Technical information
- Licensing authority: FCC
- Facility ID: 13502
- Class: C3
- ERP: 23,000 watts
- HAAT: 100 meters (328 feet)
- Transmitter coordinates: 31°20′27″N 86°28′02″W﻿ / ﻿31.34083°N 86.46722°W

Links
- Public license information: Public file; LMS;
- Webcast: Listen Live
- Website: waao.com

= WAAO-FM =

WAAO-FM (93.7 MHz, "New Hit Country 93.7") is an American radio station licensed to serve the community of Andalusia, the county seat of Covington County, Alabama. The station, established in 1987, is owned by Three Notch Communications, LLC.

==Programming==
WAAO-FM broadcasts a country music format to south Alabama and parts of the panhandle of Florida out of Covington County, Alabama. Some of this programming comes from Dial Global's Mainstream Country radio network.

Local weekday programming includes The WAY-YO Wake-Up Crew with Blaine Wilson, Wynne Glenn, and Jim Wilson; a weekday tradio program known as "The Party Line" with Andrea Wilson; and The Afternoon Drive with Kim Brewer.

Syndicated programming includes Fox News Radio, the Motor Racing Network, the Performance Racing Network, Nash Nights Live with Shawn Parr, and The Original Country Gold with Rowdy Yates, plus Auburn Tigers football and men's basketball.

==History==
WAAO-FM was preceded by AM station WAAO, a 1-kilowatt daytimer on 1530 kHz. It signed on in 1966, and its license was surrendered effective July 5, 1989 as WAAO-FM prepared to sign on.

Companion Broadcasting Service, Inc., received the original construction permit from the Federal Communications Commission on April 2, 1987, for a new FM station broadcasting with 3,000 watts of effective radiated power at 104.7 MHz. The new station was assigned the call letters WAAO-FM by the FCC on April 9, 1987. WAAO-FM received its license to cover from the FCC on December 29, 1989.

On December 28, 1990, the station was granted a modification of its broadcast license to move from 104.7 MHz to the current 103.7 MHz, per docket #86-455.

Station owner Lee Williams made an organizational shuffle in June 2002 with Companion Broadcasting Service, Inc. transferring the license for this station to Companion Broadcasting Service, LLC. At the time of the deal, he was 100% owner of both entities. The move was approved by the FCC on July 12, 2002, and the transaction was consummated on September 2, 2002.

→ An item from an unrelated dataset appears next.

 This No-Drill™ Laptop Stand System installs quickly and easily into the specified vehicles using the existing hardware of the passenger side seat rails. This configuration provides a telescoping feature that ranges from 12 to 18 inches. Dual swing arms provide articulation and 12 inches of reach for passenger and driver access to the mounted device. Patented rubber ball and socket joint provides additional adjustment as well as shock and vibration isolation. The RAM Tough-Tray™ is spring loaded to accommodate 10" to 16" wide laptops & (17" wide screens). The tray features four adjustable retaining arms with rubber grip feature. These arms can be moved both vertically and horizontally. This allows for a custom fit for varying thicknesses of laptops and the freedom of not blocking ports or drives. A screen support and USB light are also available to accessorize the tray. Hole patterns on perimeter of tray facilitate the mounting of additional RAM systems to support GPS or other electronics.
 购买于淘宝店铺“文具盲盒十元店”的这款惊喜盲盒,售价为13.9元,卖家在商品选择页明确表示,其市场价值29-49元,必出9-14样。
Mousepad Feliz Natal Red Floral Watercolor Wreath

In May 2008, Companion Broadcasting Service, LLC, reached an agreement to sell this station to Three Notch Communications, LLC, for a reported sale price of $1.25 million. This new licensee is owned by Blaine L. Wilson and this sale marks the first time since WAAO-FM went on the air that control of its license passed outside the Williams family. The deal was approved by the FCC on July 7, 2008, and the transaction was consummated on August 5, 2008.

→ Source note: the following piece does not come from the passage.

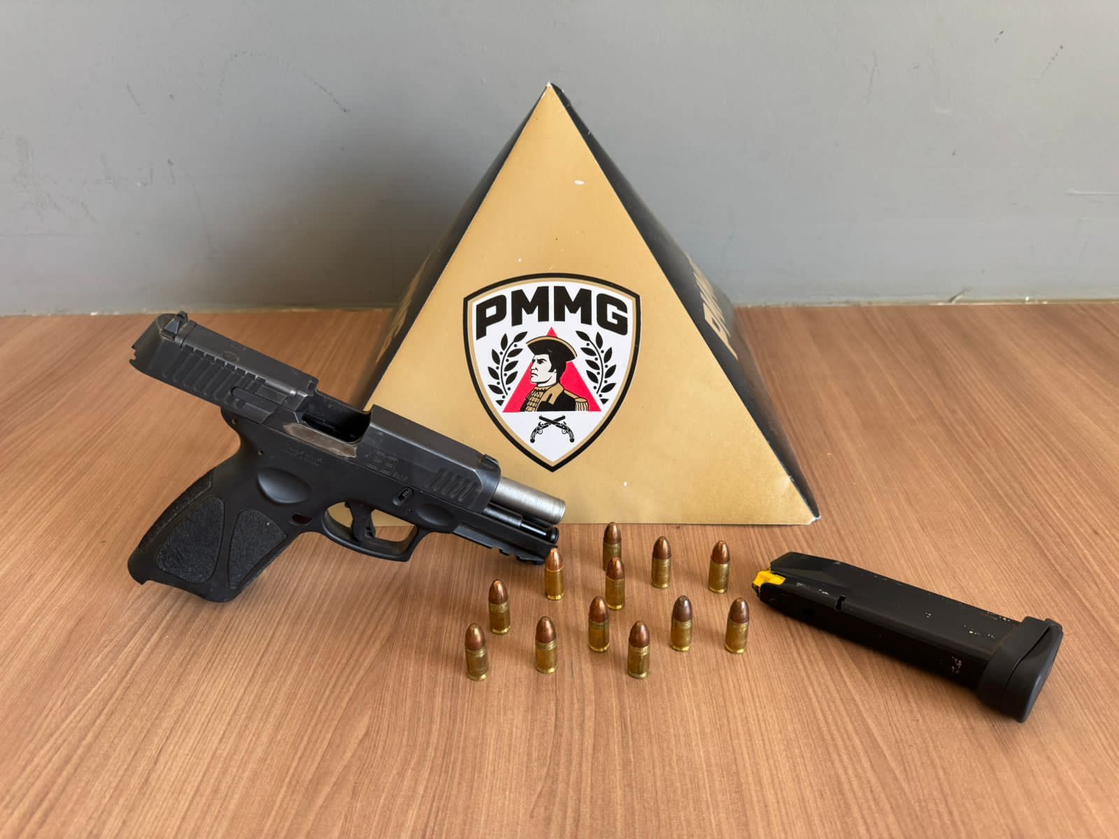 Ao ser realizada busca pessoal no abordado, foi localizada em sua cintura, uma arma de fogo, tipo pistola com numeração suprimida, acompanhada de um carregador contendo 12 munições calibre 9mm intactas.

On October 17, 2015, WAAO-FM 93.7 received approval to begin transmitting at 23 kW, and on October 21, 2015, it was licensed to broadcast on 93.7 MHz.

==Station administration==
- Blaine Wilson - General Manager/Owner
- Andrea Wilson - billing & account receivables

==Previous logo==
  (WAAO's logo under previous 103.7 frequency)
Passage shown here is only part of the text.